### Required work
Images do not belong in the copy; retype the rest of the entries below exactly.

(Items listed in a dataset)
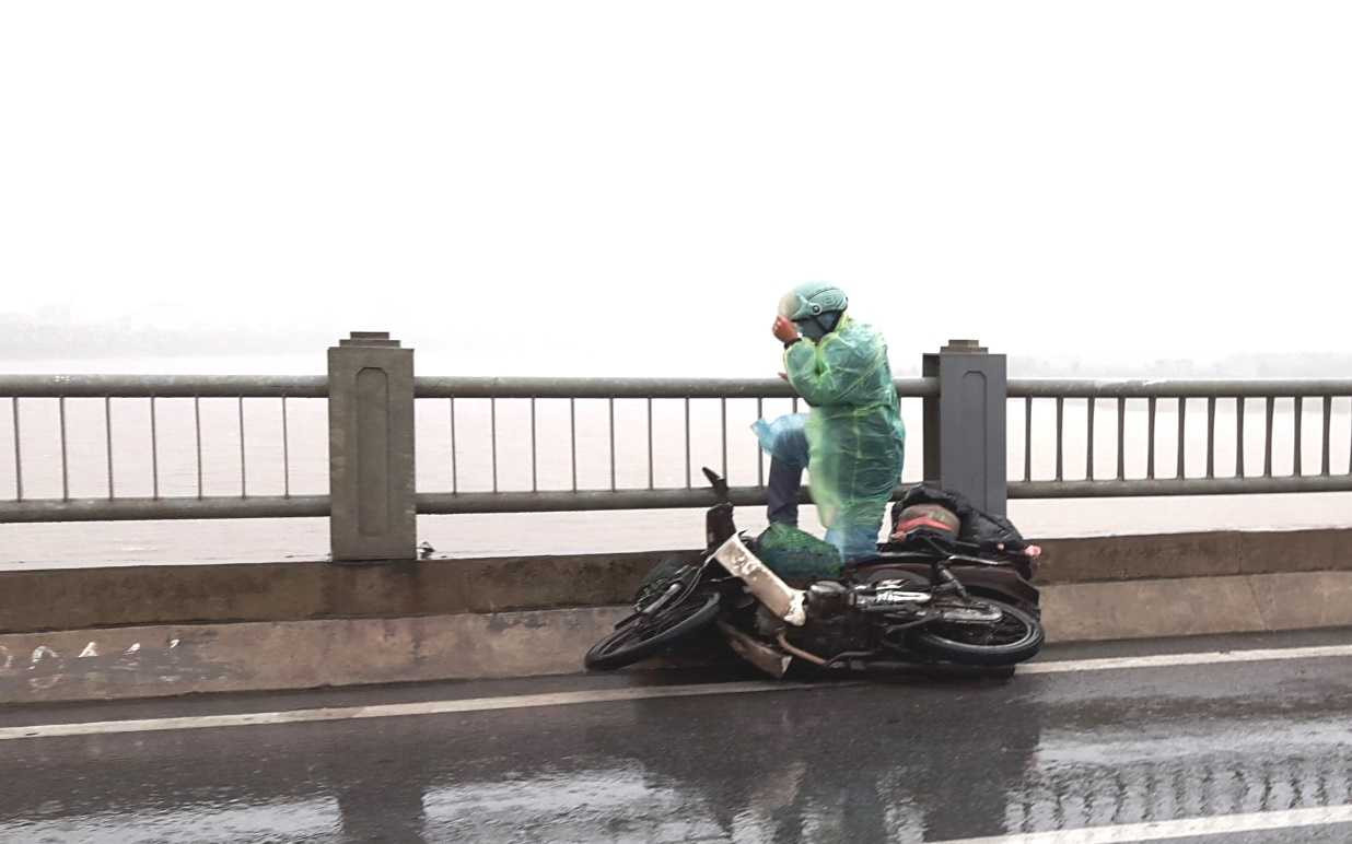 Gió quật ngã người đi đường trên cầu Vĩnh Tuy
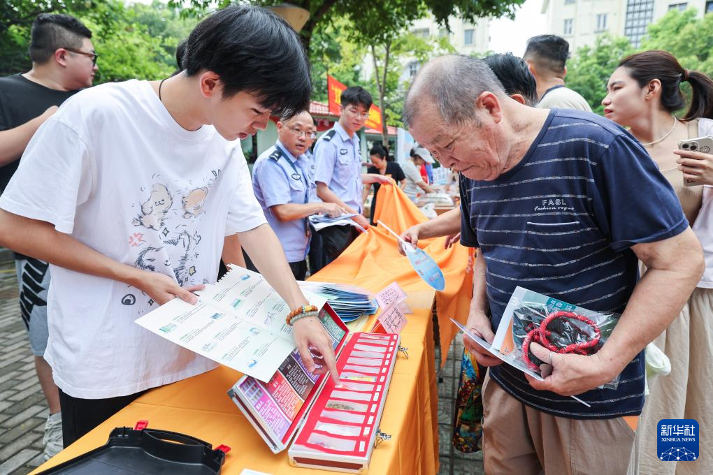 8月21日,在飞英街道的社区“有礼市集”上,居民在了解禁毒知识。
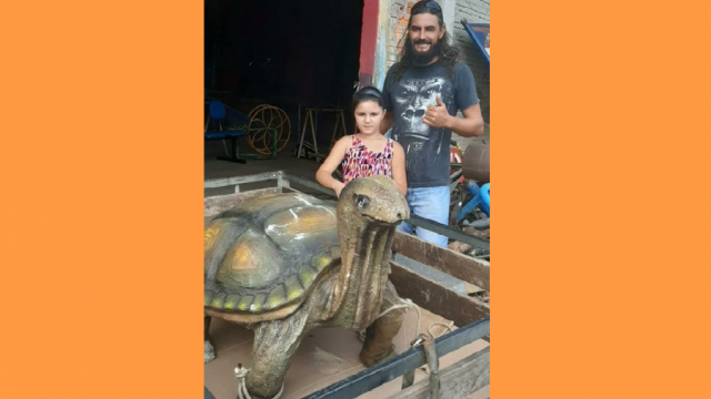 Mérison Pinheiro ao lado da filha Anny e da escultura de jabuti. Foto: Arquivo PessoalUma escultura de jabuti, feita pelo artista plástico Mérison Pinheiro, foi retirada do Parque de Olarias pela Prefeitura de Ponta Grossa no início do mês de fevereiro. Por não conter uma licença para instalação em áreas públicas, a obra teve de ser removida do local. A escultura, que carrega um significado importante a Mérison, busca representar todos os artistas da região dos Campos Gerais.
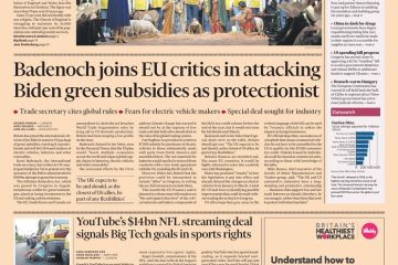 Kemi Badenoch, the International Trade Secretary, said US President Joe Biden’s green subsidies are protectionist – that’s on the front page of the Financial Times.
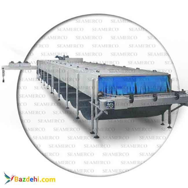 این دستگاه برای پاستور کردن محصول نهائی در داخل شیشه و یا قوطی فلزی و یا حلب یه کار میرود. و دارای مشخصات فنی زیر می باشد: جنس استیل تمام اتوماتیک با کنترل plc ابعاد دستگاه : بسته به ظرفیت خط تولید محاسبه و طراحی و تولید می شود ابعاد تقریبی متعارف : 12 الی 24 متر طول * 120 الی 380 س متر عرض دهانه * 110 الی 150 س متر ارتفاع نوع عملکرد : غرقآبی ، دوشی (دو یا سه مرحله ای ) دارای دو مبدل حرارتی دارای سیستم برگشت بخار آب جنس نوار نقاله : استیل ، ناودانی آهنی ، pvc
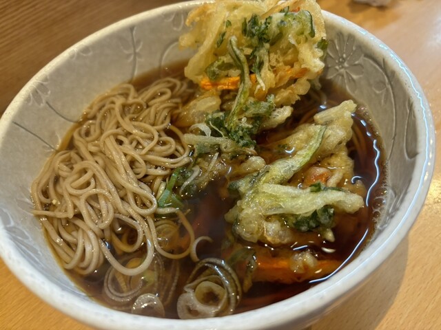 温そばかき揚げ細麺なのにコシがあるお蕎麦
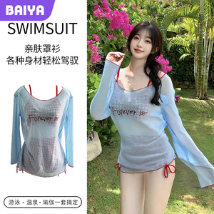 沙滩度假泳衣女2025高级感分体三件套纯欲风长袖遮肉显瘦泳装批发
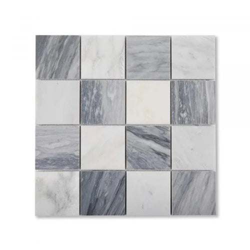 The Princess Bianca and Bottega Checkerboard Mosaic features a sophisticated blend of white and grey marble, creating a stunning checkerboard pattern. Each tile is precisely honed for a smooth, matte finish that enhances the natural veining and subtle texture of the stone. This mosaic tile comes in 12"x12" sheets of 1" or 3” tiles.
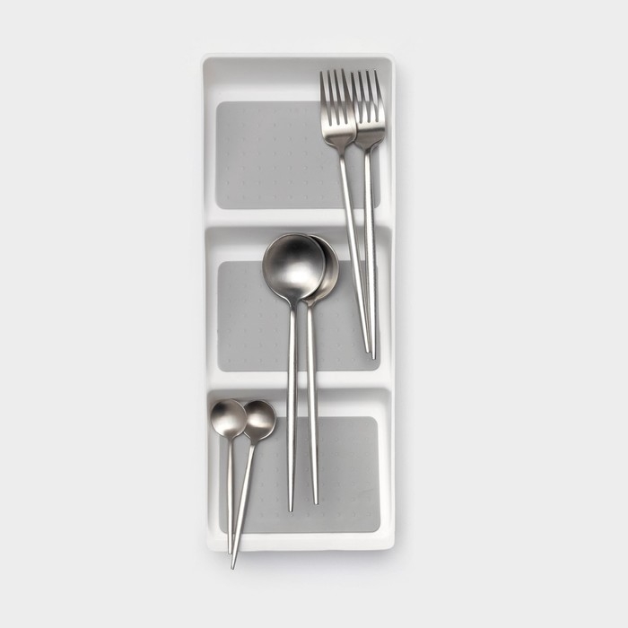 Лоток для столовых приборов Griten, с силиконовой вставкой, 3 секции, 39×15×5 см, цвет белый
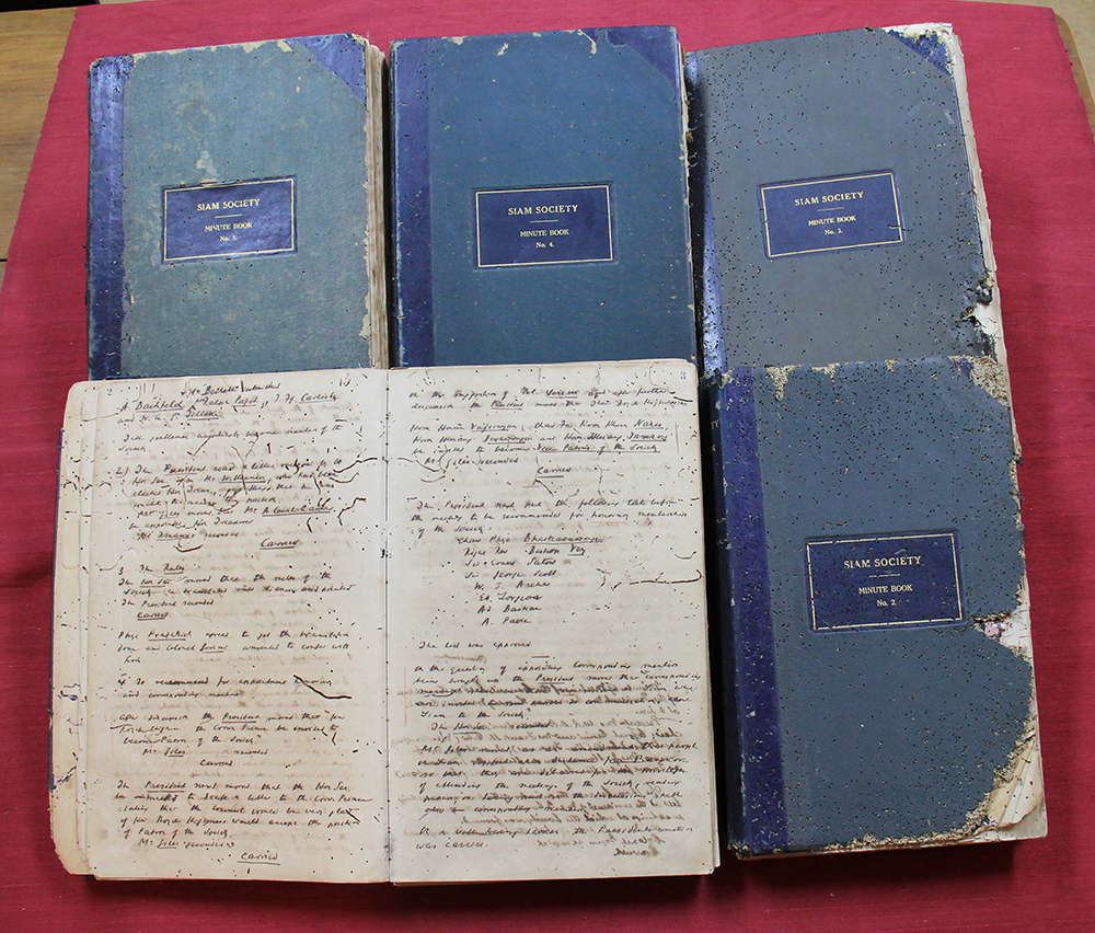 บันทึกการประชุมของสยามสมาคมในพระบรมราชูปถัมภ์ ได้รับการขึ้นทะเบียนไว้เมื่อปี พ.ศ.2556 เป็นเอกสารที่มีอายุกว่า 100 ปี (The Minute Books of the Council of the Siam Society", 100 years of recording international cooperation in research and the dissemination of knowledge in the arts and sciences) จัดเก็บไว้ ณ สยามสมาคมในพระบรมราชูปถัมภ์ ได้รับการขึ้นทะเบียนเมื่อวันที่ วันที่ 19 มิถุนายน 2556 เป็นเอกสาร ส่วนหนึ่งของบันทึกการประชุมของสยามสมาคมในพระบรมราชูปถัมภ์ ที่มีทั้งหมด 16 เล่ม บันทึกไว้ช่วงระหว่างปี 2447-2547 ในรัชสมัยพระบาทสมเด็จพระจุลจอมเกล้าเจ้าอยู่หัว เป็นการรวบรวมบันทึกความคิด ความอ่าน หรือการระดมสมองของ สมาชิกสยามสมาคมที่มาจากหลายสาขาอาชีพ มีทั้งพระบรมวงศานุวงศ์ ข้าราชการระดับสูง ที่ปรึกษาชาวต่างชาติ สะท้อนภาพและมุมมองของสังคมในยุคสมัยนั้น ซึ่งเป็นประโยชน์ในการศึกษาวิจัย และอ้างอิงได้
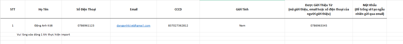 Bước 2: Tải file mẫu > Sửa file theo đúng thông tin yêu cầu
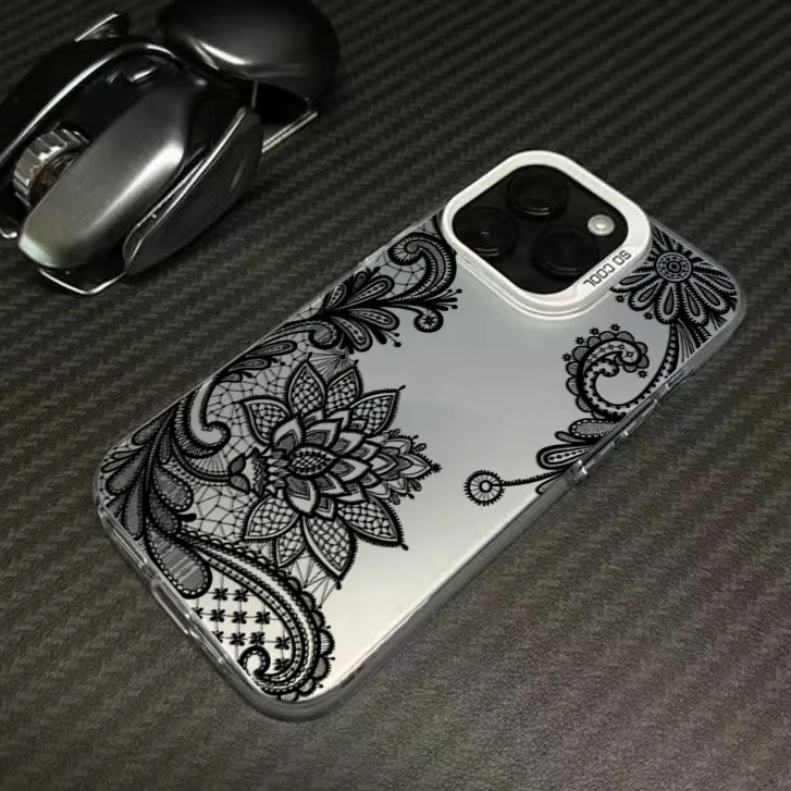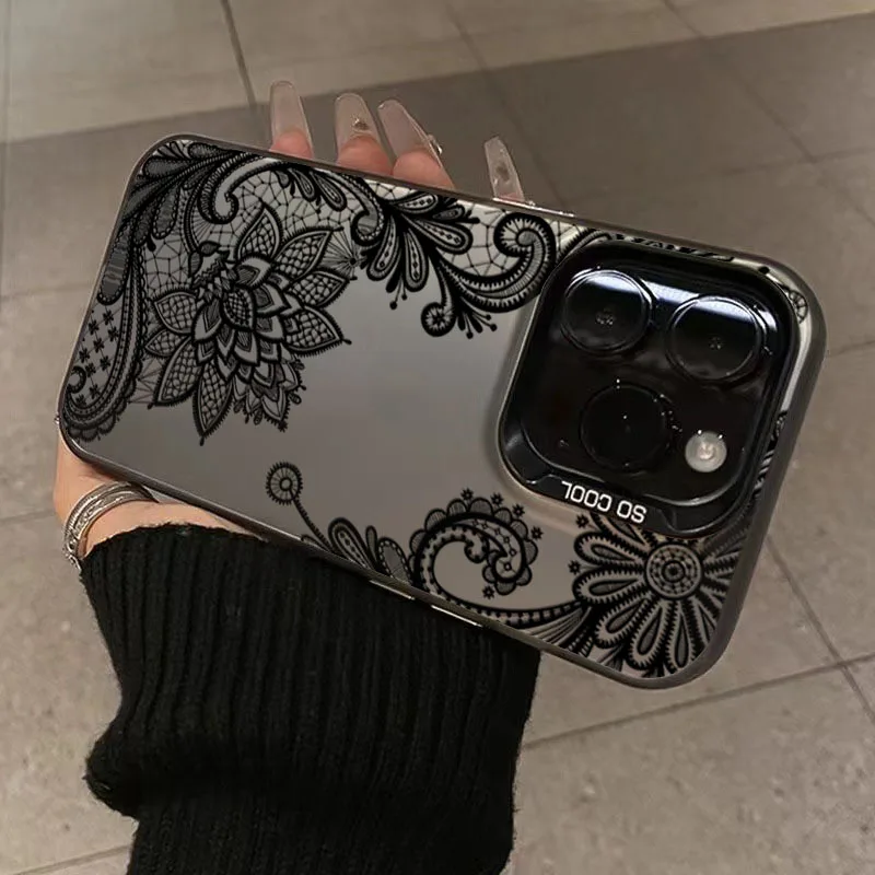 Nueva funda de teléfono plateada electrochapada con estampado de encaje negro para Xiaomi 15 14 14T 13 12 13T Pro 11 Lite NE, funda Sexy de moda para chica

### Your response
 Gió quật ngã người đi đường trên cầu Vĩnh Tuy
 8月21日,在飞英街道的社区“有礼市集”上,居民在了解禁毒知识。
 Mérison Pinheiro ao lado da filha Anny e da escultura de jabuti. Foto: Arquivo PessoalUma escultura de jabuti, feita pelo artista plástico Mérison Pinheiro, foi retirada do Parque de Olarias pela Prefeitura de Ponta Grossa no início do mês de fevereiro. Por não conter uma licença para instalação em áreas públicas, a obra teve de ser removida do local. A escultura, que carrega um significado importante a Mérison, busca representar todos os artistas da região dos Campos Gerais.
 Kemi Badenoch, the International Trade Secretary, said US President Joe Biden’s green subsidies are protectionist – that’s on the front page of the Financial Times.
 این دستگاه برای پاستور کردن محصول نهائی در داخل شیشه و یا قوطی فلزی و یا حلب یه کار میرود. و دارای مشخصات فنی زیر می باشد: جنس استیل تمام اتوماتیک با کنترل plc ابعاد دستگاه : بسته به ظرفیت خط تولید محاسبه و طراحی و تولید می شود ابعاد تقریبی متعارف : 12 الی 24 متر طول * 120 الی 380 س متر عرض دهانه * 110 الی 150 س متر ارتفاع نوع عملکرد : غرقآبی ، دوشی (دو یا سه مرحله ای ) دارای دو مبدل حرارتی دارای سیستم برگشت بخار آب جنس نوار نقاله : استیل ، ناودانی آهنی ، pvc
 温そばかき揚げ細麺なのにコシがあるお蕎麦
 沙滩度假泳衣女2025高级感分体三件套纯欲风长袖遮肉显瘦泳装批发
 The Princess Bianca and Bottega Checkerboard Mosaic features a sophisticated blend of white and grey marble, creating a stunning checkerboard pattern. Each tile is precisely honed for a smooth, matte finish that enhances the natural veining and subtle texture of the stone. This mosaic tile comes in 12"x12" sheets of 1" or 3” tiles.
 Лоток для столовых приборов Griten, с силиконовой вставкой, 3 секции, 39×15×5 см, цвет белый
 บันทึกการประชุมของสยามสมาคมในพระบรมราชูปถัมภ์ ได้รับการขึ้นทะเบียนไว้เมื่อปี พ.ศ.2556 เป็นเอกสารที่มีอายุกว่า 100 ปี (The Minute Books of the Council of the Siam Society", 100 years of recording international cooperation in research and the dissemination of knowledge in the arts and sciences) จัดเก็บไว้ ณ สยามสมาคมในพระบรมราชูปถัมภ์ ได้รับการขึ้นทะเบียนเมื่อวันที่ วันที่ 19 มิถุนายน 2556 เป็นเอกสาร ส่วนหนึ่งของบันทึกการประชุมของสยามสมาคมในพระบรมราชูปถัมภ์ ที่มีทั้งหมด 16 เล่ม บันทึกไว้ช่วงระหว่างปี 2447-2547 ในรัชสมัยพระบาทสมเด็จพระจุลจอมเกล้าเจ้าอยู่หัว เป็นการรวบรวมบันทึกความคิด ความอ่าน หรือการระดมสมองของ สมาชิกสยามสมาคมที่มาจากหลายสาขาอาชีพ มีทั้งพระบรมวงศานุวงศ์ ข้าราชการระดับสูง ที่ปรึกษาชาวต่างชาติ สะท้อนภาพและมุมมองของสังคมในยุคสมัยนั้น ซึ่งเป็นประโยชน์ในการศึกษาวิจัย และอ้างอิงได้
 Bước 2: Tải file mẫu > Sửa file theo đúng thông tin yêu cầu
 Nueva funda de teléfono plateada electrochapada con estampado de encaje negro para Xiaomi 15 14 14T 13 12 13T Pro 11 Lite NE, funda Sexy de moda para chica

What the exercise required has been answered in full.